Bug fixes and minor improvements

  • A new setting for init_sdev: set init_sdev = "range" and initial coordinates will be
    range-scaled so each column takes values between 0-10. This pre-processing was added to the Python
    UMAP package at some point after uwot began development and so should probably always be used
    with the default init = "spectral" setting. However, it is not set by default to maintain
    backwards compatibility with older versions of uwot.

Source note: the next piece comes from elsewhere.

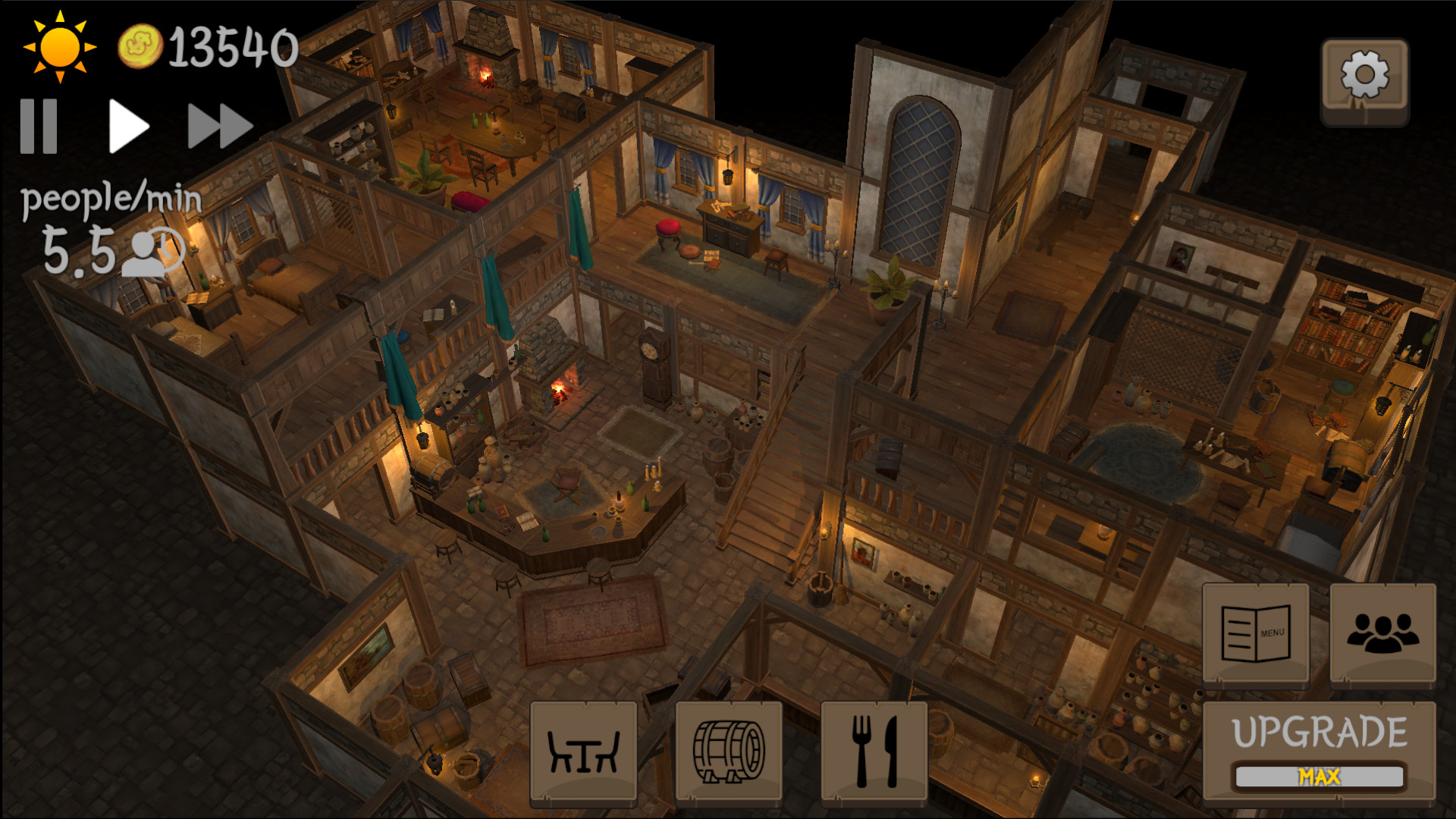 Optimize your seating arrangement to allow your staff to be as fast as possible, upgrade and expand to attract even more patrons and spread your business to include a hotel, a weapon shop and maybe even a medieval food delivery service!

  • ret_extra = c("sigma") is now supported by lvish. The Gaussian bandwidths are returned in a
    sigma vector. In addition, a vector of intrinsic dimensionalities estimated for each point using
    an analytical expression of the finite difference method given by
    Lee and co-workers is returned in the dint vector.
  • The min_dist and spread parameters are now returned in the model when umap is run with
    ret_model = TRUE. This is just for documentation purposes, these values are not used directly by
    the model in umap_transform. If the parameters a and b are set directly when invoking umap,
    then both min_dist and spread will be set to NULL in the returned model. This feature was
    added in response to a question from kjiang18 (#95).
  • Some new checks for NA values in input data have been added. Also a warning will be emitted if
    n_components seems to have been set too high.
  • If n_components was greater than n_neighbors then umap_transform would crash the R session.
    Thank you to ChVav for reporting this (#102).
  • Using umap_transform with a model where dens_scale was set could cause a segmentation fault,
    destroying the session. Even if it didn't it could give an entirely artifactual "ring" structure.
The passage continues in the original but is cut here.